**Requirement:**
Use the entries below and reproduce exactly the lines from the one containing "iStyles Microsoft Surface" down to the one containing "Caracteristicas: This quick", both of them included.

**Supplied entries:**
◆ ◆ ◆ ◆

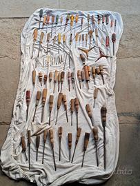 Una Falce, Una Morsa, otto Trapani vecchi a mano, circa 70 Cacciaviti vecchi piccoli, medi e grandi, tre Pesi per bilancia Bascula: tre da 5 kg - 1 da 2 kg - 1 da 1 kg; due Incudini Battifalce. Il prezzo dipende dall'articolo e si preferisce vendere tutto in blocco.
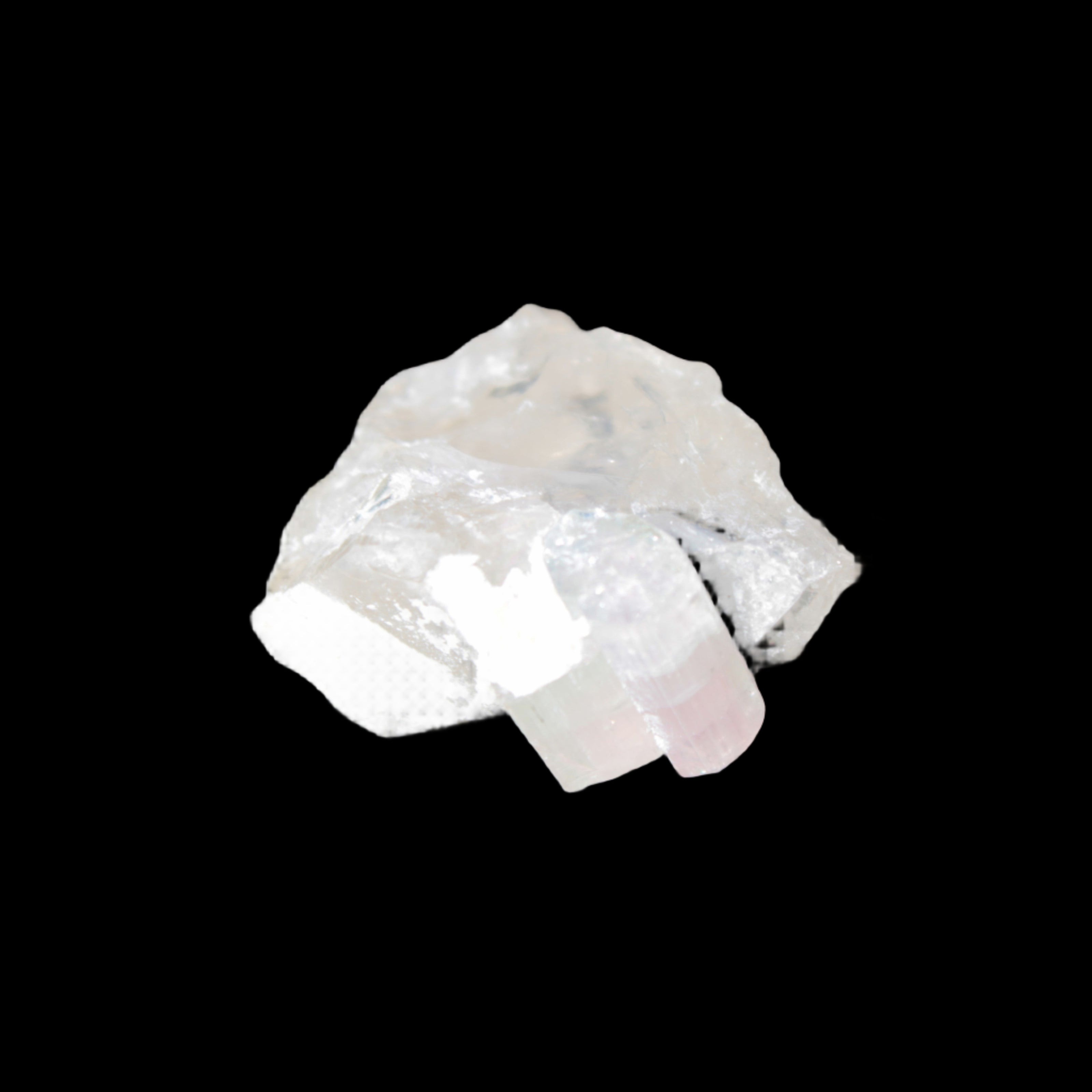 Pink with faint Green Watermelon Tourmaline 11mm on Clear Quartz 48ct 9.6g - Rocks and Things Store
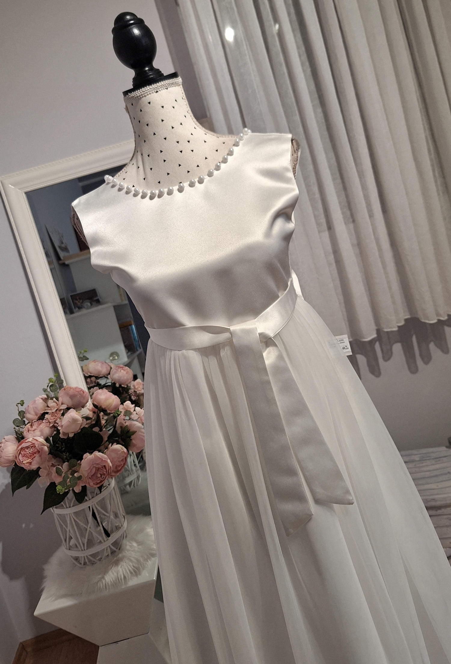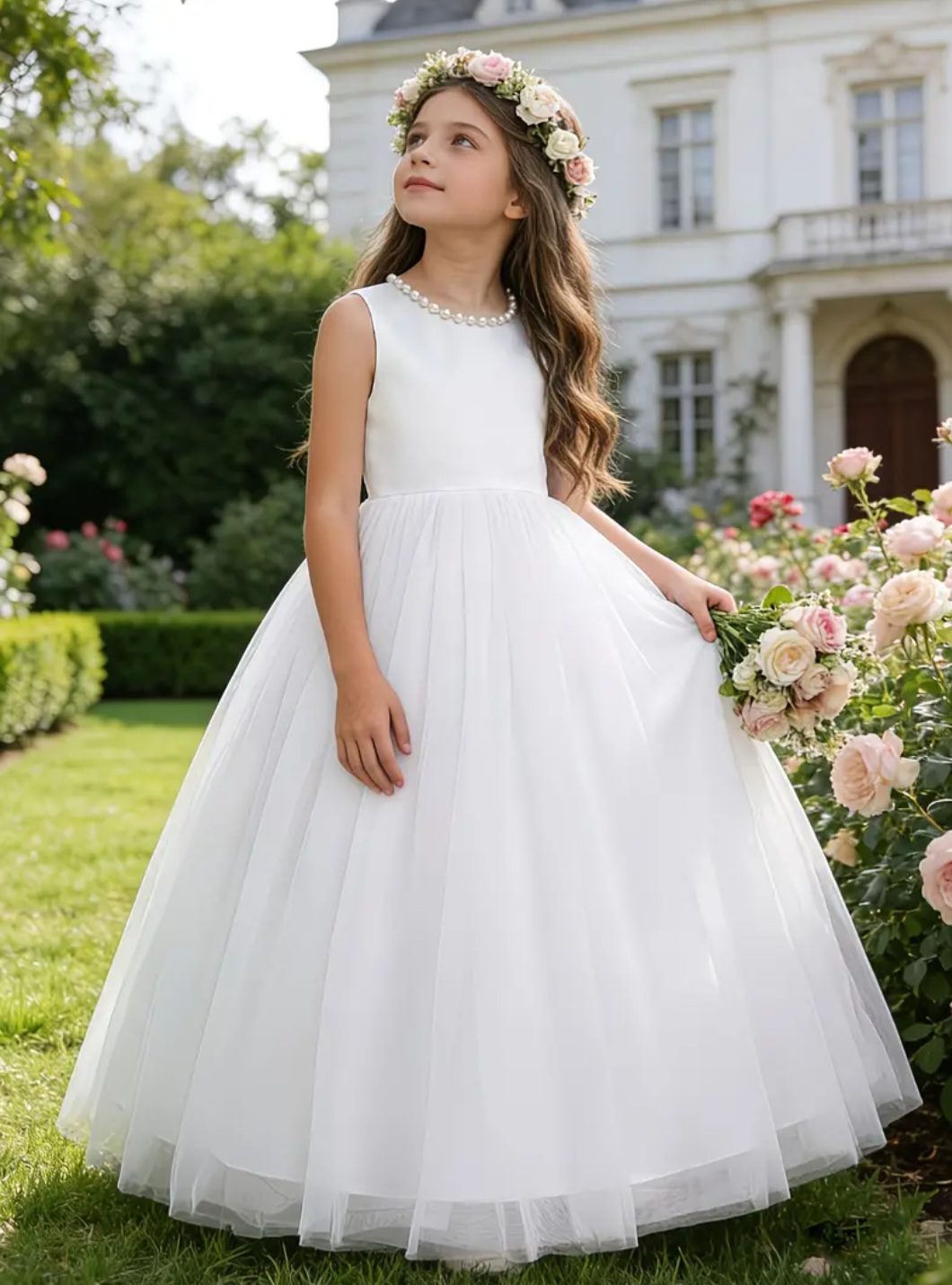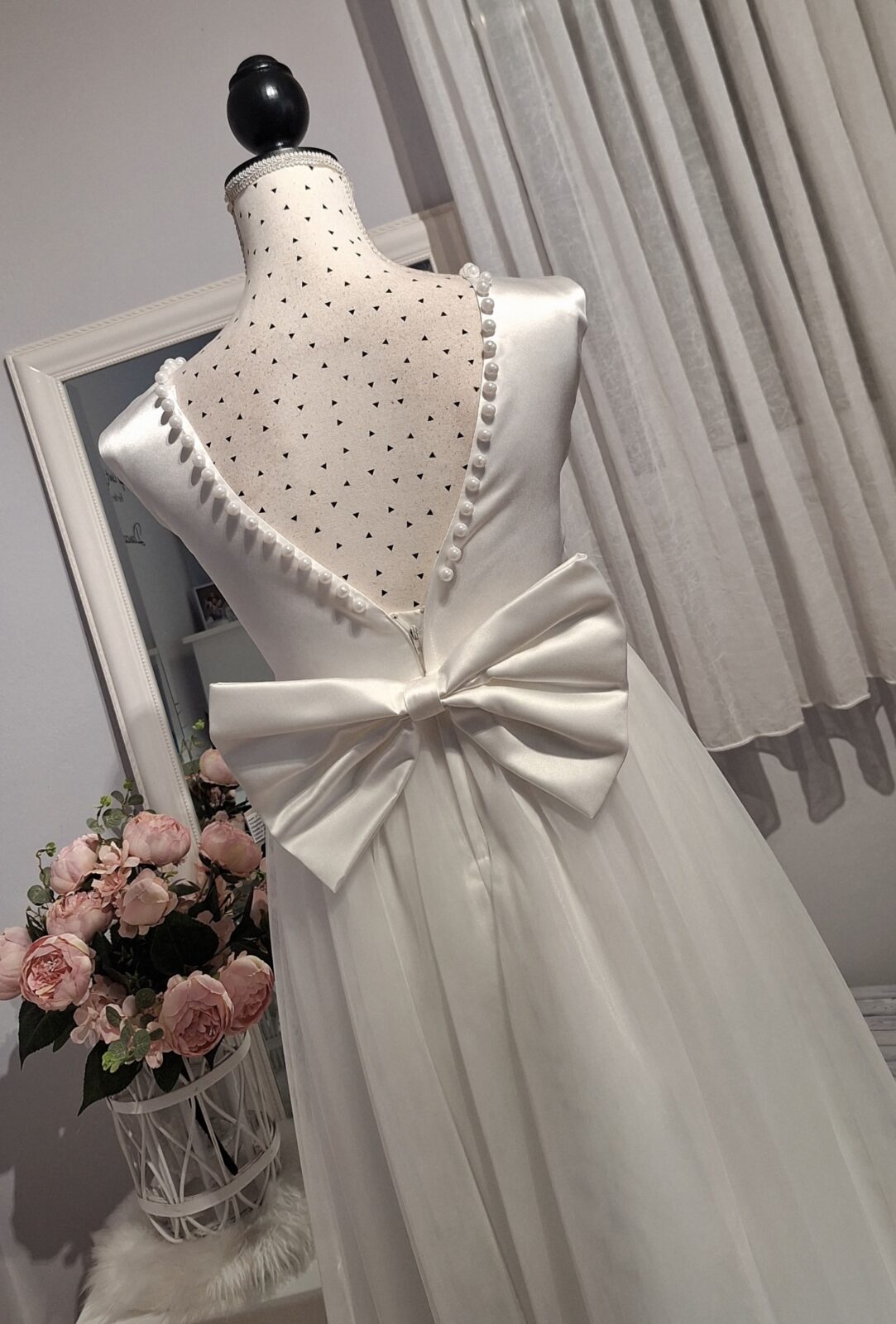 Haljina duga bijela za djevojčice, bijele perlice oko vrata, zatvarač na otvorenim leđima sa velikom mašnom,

◆ ◆ ◆ ◆

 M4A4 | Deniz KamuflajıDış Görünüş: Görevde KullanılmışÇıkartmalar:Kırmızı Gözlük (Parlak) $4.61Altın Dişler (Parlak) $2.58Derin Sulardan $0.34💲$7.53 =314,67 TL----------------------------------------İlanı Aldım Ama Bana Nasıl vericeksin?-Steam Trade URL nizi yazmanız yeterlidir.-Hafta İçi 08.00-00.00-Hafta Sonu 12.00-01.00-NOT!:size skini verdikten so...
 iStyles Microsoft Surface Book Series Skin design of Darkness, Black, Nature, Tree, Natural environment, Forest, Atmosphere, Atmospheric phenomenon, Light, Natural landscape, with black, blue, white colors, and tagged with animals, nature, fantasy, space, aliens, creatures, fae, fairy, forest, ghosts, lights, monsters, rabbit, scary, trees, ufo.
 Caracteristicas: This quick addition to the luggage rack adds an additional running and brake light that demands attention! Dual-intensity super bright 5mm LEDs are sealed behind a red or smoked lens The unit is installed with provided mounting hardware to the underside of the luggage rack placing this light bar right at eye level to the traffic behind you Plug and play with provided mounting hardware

◆ ◆ ◆ ◆

**Exercise solution:**
 iStyles Microsoft Surface Book Series Skin design of Darkness, Black, Nature, Tree, Natural environment, Forest, Atmosphere, Atmospheric phenomenon, Light, Natural landscape, with black, blue, white colors, and tagged with animals, nature, fantasy, space, aliens, creatures, fae, fairy, forest, ghosts, lights, monsters, rabbit, scary, trees, ufo.
 Caracteristicas: This quick addition to the luggage rack adds an additional running and brake light that demands attention! Dual-intensity super bright 5mm LEDs are sealed behind a red or smoked lens The unit is installed with provided mounting hardware to the underside of the luggage rack placing this light bar right at eye level to the traffic behind you Plug and play with provided mounting hardware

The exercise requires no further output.